Chairman of Aston Martin 1972–1975 (1921-2015)

Stanley William Willson, MBE (May 1927 – 25 December 2003), Chartered Accountant, was chairman of Aston Martin from 1972 to 1975.

In February 1972 Willson, "an ebullient entrepreneur" along with other investors paid £101 to buy Aston Martin's business, then reputed to be losing more than £1 million a year, from David Brown Limited which was experiencing its own financial troubles. The new owner was Company Developments his 4-year-old Solihull investment concern chaired by Willson who then became chairman of Aston Martin.
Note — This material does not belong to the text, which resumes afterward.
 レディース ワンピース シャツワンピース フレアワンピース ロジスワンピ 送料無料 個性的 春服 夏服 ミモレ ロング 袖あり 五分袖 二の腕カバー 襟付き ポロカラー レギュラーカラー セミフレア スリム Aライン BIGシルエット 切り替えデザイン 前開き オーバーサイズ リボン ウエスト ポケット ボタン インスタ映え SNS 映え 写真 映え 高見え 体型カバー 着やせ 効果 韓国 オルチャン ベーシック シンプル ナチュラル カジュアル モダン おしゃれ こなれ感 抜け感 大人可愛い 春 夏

He appointed one of his co-directors of Company Developments, Geoffrey Fletcher, a property and building expert, as managing director and mechanical engineer, Harry Pollack, as technical director. Mr David Brown accepted presidency of Aston Martin with a seat on the board of directors. At the time Aston Martin had 500 employees. David Brown was later reported to have paid off Aston Martin's debts thought to be about £5 million.

Three months after Willson's firm took control a re-invigorated Aston Martin brought out two new models and the business was recovering. But in July 1974 a request for state aid of £500,000 was turned down. Mr Robert Maxwell offered to provide £100,000 of the required funds. Aston's 500 workers agreed to forgo wage rises for 12 months and they were given the opportunity to participate in a share-buying scheme. The shop floor gave management a unanimous vote of confidence. The reason for cash flow difficulties was given as California's stringent exhaust emission tests halting Aston Martin's US sales. Owners were reported to have sent in cheques for £1,000 and more. Mr Robert Maxwell, again contesting (unsuccessfully) the local seat in Parliament, was reported driving a newly acquired Aston Martin.
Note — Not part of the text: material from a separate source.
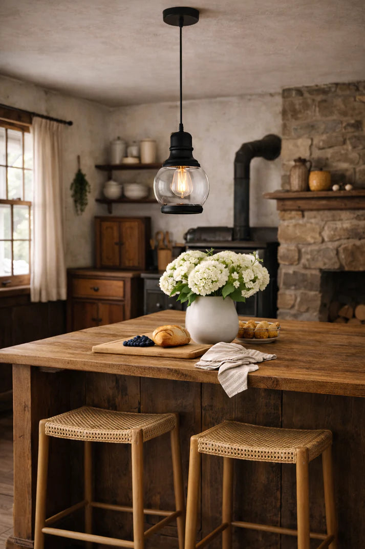 This pendant light features a classic silhouette with a clear glass shade that softly showcases the bulb within. Its timeless design brings character and warmth without feeling heavy or ornate. Perfect for a country farmhouse, it complements rustic timber, stone textures, and cozy interiors beautifully. Ideal over kitchen islands, dining tables, or entryways, it creates an inviting and lived-in atmosphere.
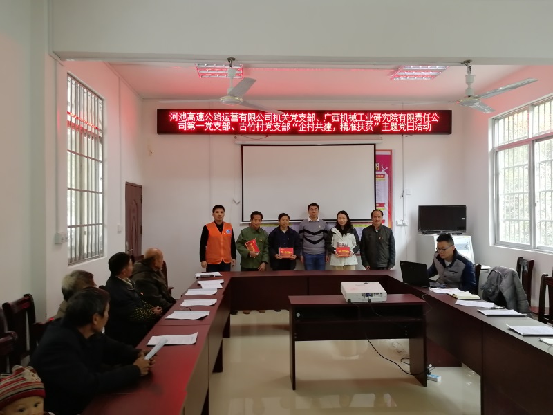 為激發(fā)支部黨建工作新活力,錘煉提升企業(yè)黨員黨性修養(yǎng),強化黨建引領,助力脫貧攻堅,推動黨建工作與扶貧工作相互促進。11月28日,廣西機械工業(yè)研究院有限責任公司第一黨支部前往大化縣扶貧點七百弄鄉(xiāng)古竹村,與河池高速公路運營有限公司機關(guān)黨支部、古竹村黨支部聯(lián)合開展“企村共建,精準扶貧”主題黨日活動。

A few days later it was revealed another, second, request for government funds had been for £1,250,000 but three months later on New Year's Eve it was announced on the front pages of national press that while a much smaller government loan of £600,000 had been approved besides being inadequate it had been offered on the unacceptable condition that US sales would be handled by British Leyland's distributors. The same front-page report noted directors had requested the appointment of a receiver and Aston Martin would cease production and go into voluntary liquidation.
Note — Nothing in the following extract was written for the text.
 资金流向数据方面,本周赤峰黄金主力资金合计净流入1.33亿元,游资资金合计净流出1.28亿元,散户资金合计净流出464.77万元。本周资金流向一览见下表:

The receiver sold the business as a going concern in March 1975 for about £1,050,000 to a consortium led by Californian Peter Sprague (chairman of National Semiconductor) with Canadian George Minden and Jeremy Turner a London businessman.

Lengthy and public wrangling with Sprague over price arose from Willson's concern, over-ridden by the receiver, to achieve a better price for the Aston Martin business. At the offer price of £1,050,000 unsecured creditors would (and did) receive less than 10 pence in the pound and his own Company Developments would receive only £500,000 in repayment of a £750,000 loan.

Himself and his wife Rachel Willson were two of only 10 survivors of the 1957 Aquila Airways Solent crash Near Chessell, Isle of Wight, England.